Scheets reached into appellee’s pocket and removed what he claimed to be a set of
false teeth along with a baggie containing heroin. Appellee, however, claimed he did
not have a set of false teeth in his pocket, but instead a tube of Fixodent, and that it
was located in a different pocket than the baggie.
{¶4} A Columbiana County grand jury subsequently indicted appellee on one
count of aggravated burglary, a first-degree felony in violation of R.C. 2911.11(A)(1),
and one count of drug possession, a fifth-degree felony in violation of R.C.
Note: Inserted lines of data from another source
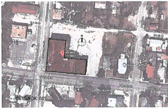
02 PROJECT LOCATION NTS
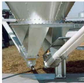
B - Boot with three auger systems servicing two buildings (Model 75 FLEX-AUGER® shown.)
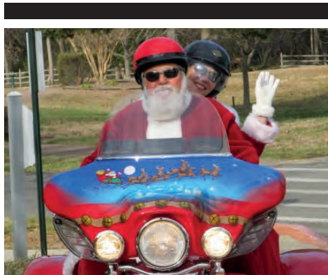
All American Harley Christmas
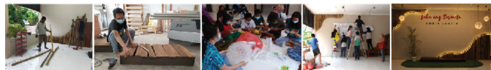
Figure 6: The process of co-implementing with the community and the final result (2021).

the functional needs and representing the local identity of the community. From the evaluation questionnaire, there were suggestions to make the stage wider. It was also reported that the color of yellow bamboo does not last quite long. Within 1 month the yellow color changes into brown, just like the color of bamboo in general.
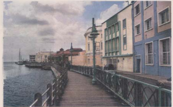
The docks in Bridgetown, Barbados

SERVED BY American and Air Jamaica from Kennedy.
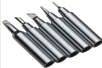
SOLDERING BITS (HAKKO/WELLER)
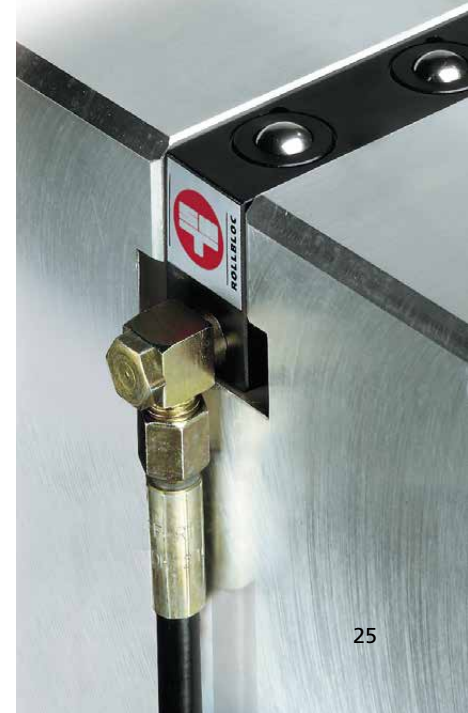
Short hose VSA with quick-disconnect coupling VKK
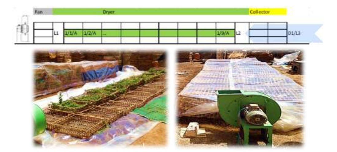
Fig 2. 1/9/2 design of solar-assisted stack dryer (Design 2)

2925.11(A). These counts stemmed from different incidents. This appeal deals only
with the drug possession count.
{¶5} Appellee filed a motion to suppress the heroin found in his pocket
during the pat-down search. The trial court granted the suppression motion finding
-2-
that a search warrant was required to access the baggie of heroin found in appellee’s
pocket.
{¶6} The state filed a timely notice of appeal on June 15, 2010.
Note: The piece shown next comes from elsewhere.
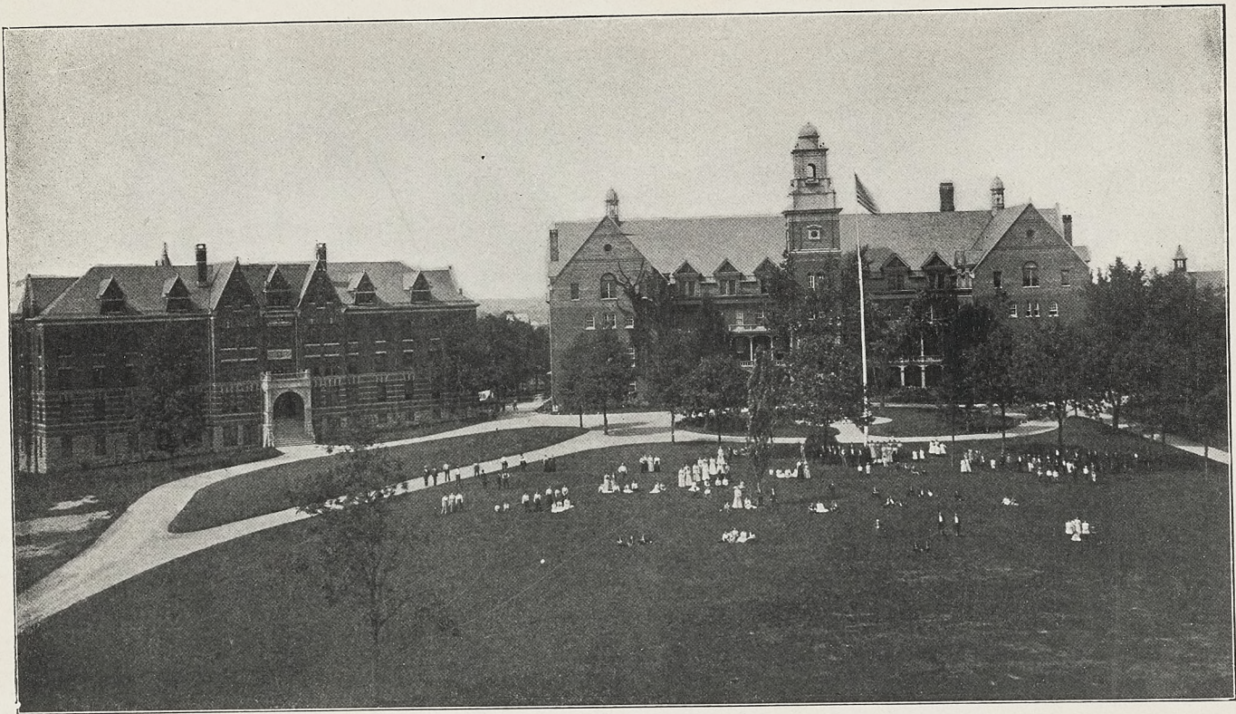
CAMPUS AND STUDENTS

{¶7} The state now raises a single assignment of error, which states:
{¶8} “THE TRIAL COURT ERRED IN SUPPRESSING THE HEROIN
DISCOVERED BY SGT. SCHEETS AND DEEMING HIS TERRY PAT-DOWN OF
THE DEFENDANT AS A VIOLATION OF ESTABLISHED LAW.”
{¶9} The state argues that the trial court erred in suppressing the heroin. It
asserts that we must consider the circumstances of the pat-down. Specifically, it
contends that had Sgt. Scheets not felt a hard, sharp object that he believed could be
a knife, then he would not have removed the plastic baggie with the heroin because it
was balled up with the hard object. The state argues that Sgt. Scheets acted
reasonably and articulated specific facts to justify the pat-down. It points out that Sgt.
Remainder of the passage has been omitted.